Simon on Bespoke Regulation of Artificial Intelligence

Brenda M. Simon (California Western Law) has posted “Bespoke Regulation of Artificial Intelligence” (Loyola of Los Angeles Law Review (forthcoming)) on SSRN. Here is the abstract:

The decision to regulate artificial intelligence (AI) has far reaching consequences. Determining how to address budding applications of AI technology should depend on their effects. This article describes how regulation should be carefully tailored to avoid harm while maximizing social welfare, building on Orly Lobel’s taxonomy of regulatory tools. Part I examines the foundational difficulties in governing AI, including industry influence in regulation and deficiencies in enforcement. Part II elaborates on Lobel’s framework, detailing the benefits and limitations of a variety of tools, such as voluntary standards, soft law mechanisms, and public-private partnerships. It describes how bringing in diverse stakeholders can achieve a more practical approach to AI governance but cautions against an evaluation of AI that overlooks its effects on areas such as access, autonomy, privacy, and the environment. Part III introduces the legislative carve-out as a potential instrument in AI governance. Using the 21st Century Cures Act’s exclusion of certain low-risk Clinical Decision Support (CDS) software from FDA oversight as a case study, it evaluates the carve-out’s implications for innovation, safety, and physician liability. The article concludes by advocating for a nuanced approach to AI governance that furthers innovation while mitigating risks, underscoring the importance of tailoring regulation based on the degree of likely harm.

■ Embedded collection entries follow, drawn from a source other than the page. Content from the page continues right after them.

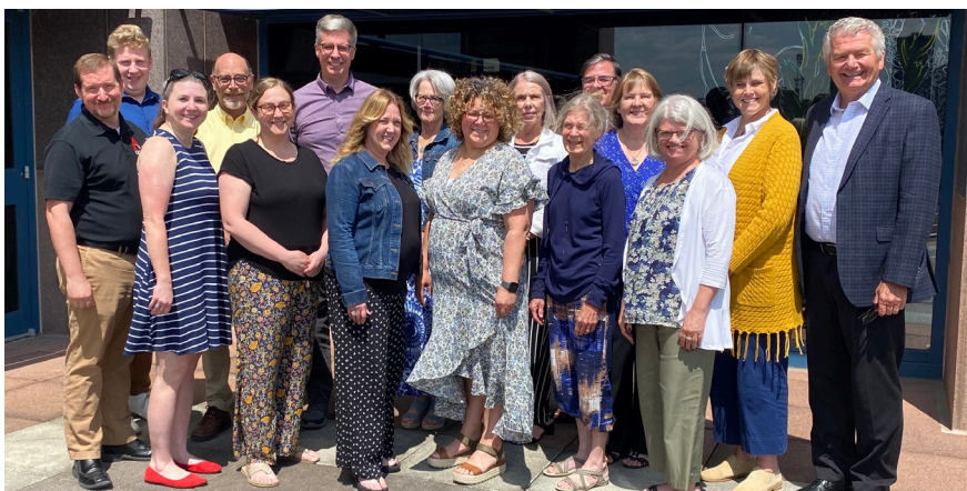
Combined IAAE Executive and Advisory Board Strategic Planning Session, June 2023
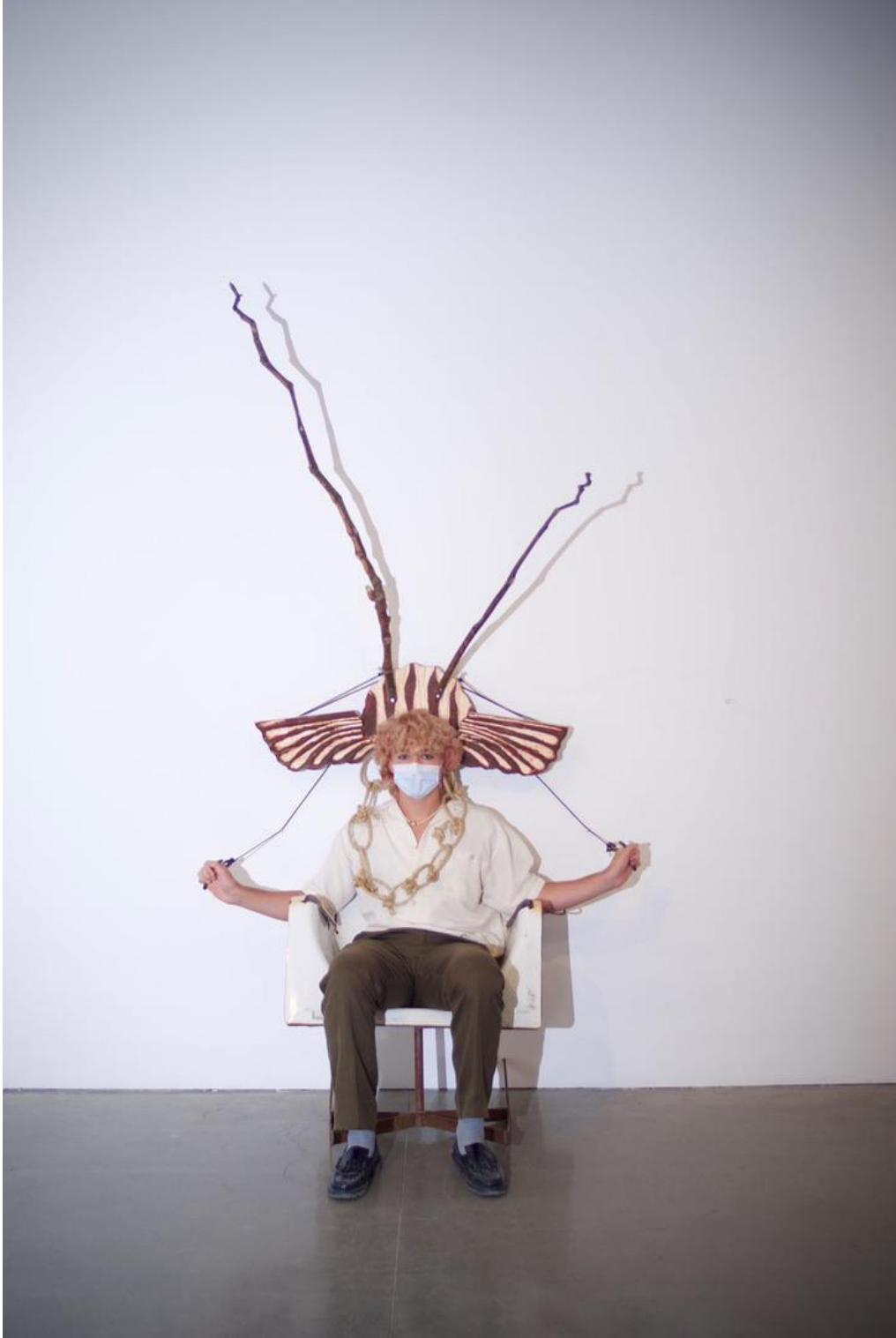
Little Wing | Wood, steel, paracord, bathtub, branches, iron | July 2022 | Exhibited at UCLA's New Wight Gallery
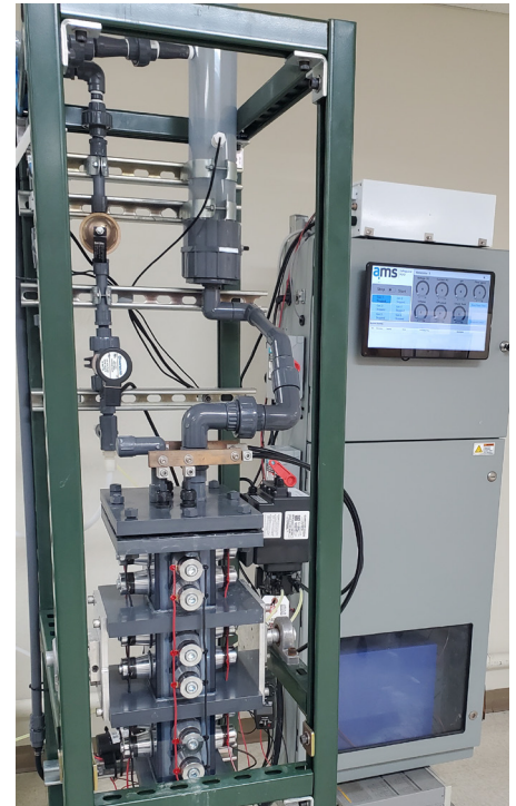
SafeGuard™ H2O On-Site Stannous Generation System

Selbst on Artificial Intelligence and the Discrimination Injury

Andrew D. Selbst (UCLA Law) has posted “Artificial Intelligence and the Discrimination Injury” (78 Florida Law Review __ (forthcoming 2026)) on SSRN. Here is the abstract:

For a decade, scholars have debated whether discrimination involving artificial intelligence (AI) can be captured by existing discrimination laws. This article argues that the challenge that artificial intelligence poses for discrimination law stems not from the specifics of any statute, but from the very conceptual framework of discrimination law. Discrimination today is a species of tort, concerned with rectifying individual injuries, rather than a law aimed at broadly improving social or economic equality. As a result, the doctrine centers blameworthiness and individualized notions of injury. But it is also a strange sort of tort that does not clearly define its injury. Defining the discrimination harm is difficult and contested. As a result, the doctrine skips over the injury question and treats a discrimination claim as a process question about whether a defendant acted properly in a single decisionmaking event. This tort-with-unclear-injury formulation effectively merges the questions of injury and liability: If a defendant did not act improperly, then no liability attaches because a discrimination event did not occur. Injury is tied to the single decision event and there is no room for recognizing discrimination injury without liability.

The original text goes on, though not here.